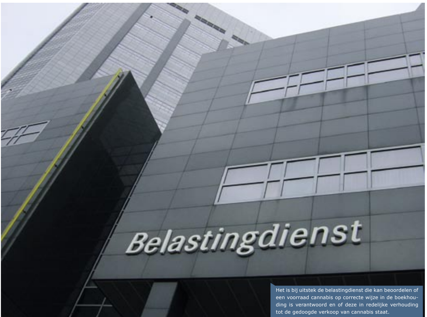
Het is bij uitstek de belastingdienst die kan beoordelen of een voorraad cannabis op correcte wijze in de boekhouding is verantwoord en of deze in redelijke verhouding tot de gedoogde verkoop van cannabis staat.

Hoe transparanter de coffeeshophouder zich jegens de overheid opstelt, hoe groter het risico is dat hij wordt opgespoord en bestraft. Dat wringt nu de gepubliceerde gedoogcriteria uitdrukkelijk geen voorwaarden stellen aan de maximaal per dag te verkopen hoeveelheid cannabis. De "500 gram norm" is
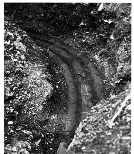
Abb. 5: Madradag-Leitung Pergamons.
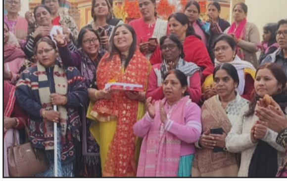
22 तारीख को श्री रामलला कनकन में विराज रहे हैं। इसलिए पूरे
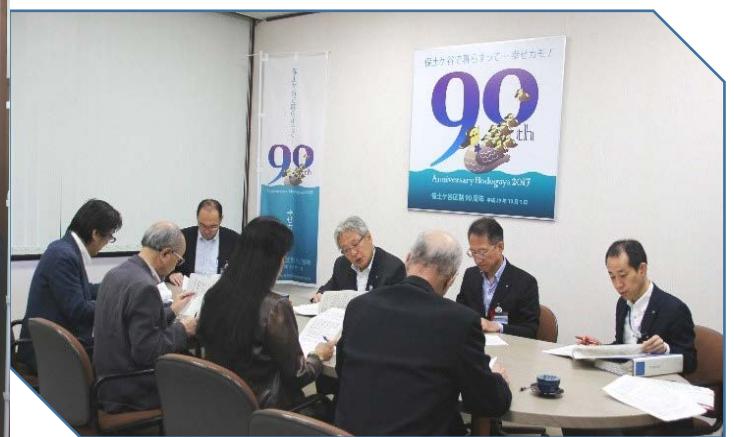
【回答書受け取り後の懇談風景】
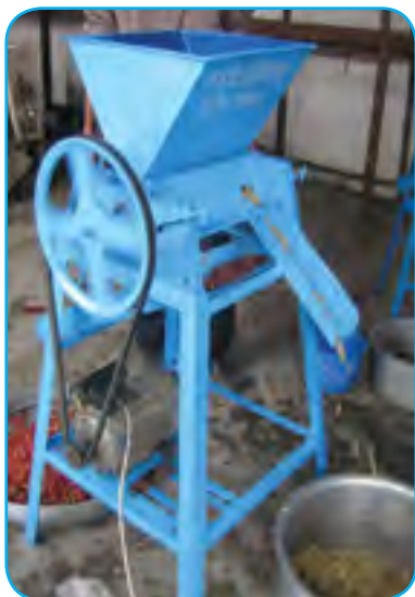
ए.ई.डि. कफि पल्पर (A.E.D. Coffee Pulper)
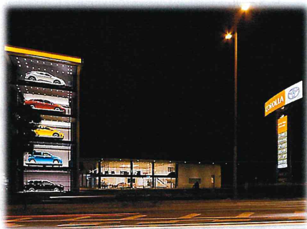
第30回 部門賞 広告景観賞 「トヨタカローラ熊本 東バイパス店」
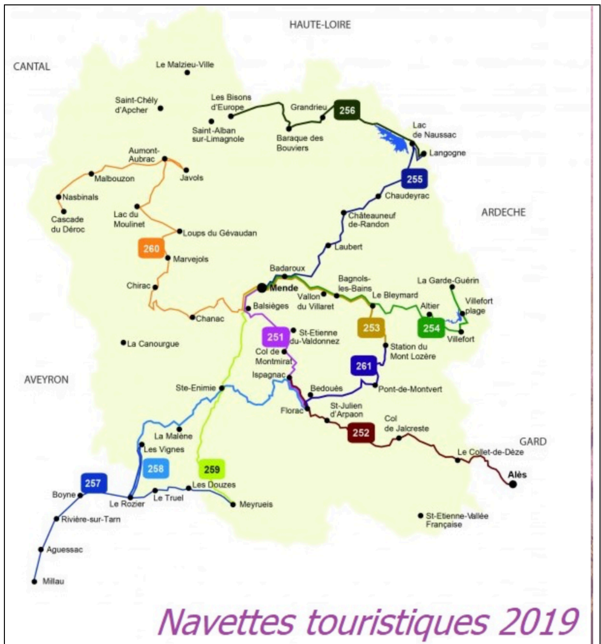
Carte des « Navettes touristiques » en Lozère en 2019

* * * * * * * * *

== Assigned task ==
Identify every line above that includes the word "cannabis", and show those lines.

== The answer ==
Het is bij uitstek de belastingdienst die kan beoordelen of een voorraad cannabis op correcte wijze in de boekhouding is verantwoord en of deze in redelijke verhouding tot de gedoogde verkoop van cannabis staat.
Hoe transparanter de coffeeshophouder zich jegens de overheid opstelt, hoe groter het risico is dat hij wordt opgespoord en bestraft. Dat wringt nu de gepubliceerde gedoogcriteria uitdrukkelijk geen voorwaarden stellen aan de maximaal per dag te verkopen hoeveelheid cannabis. De "500 gram norm" is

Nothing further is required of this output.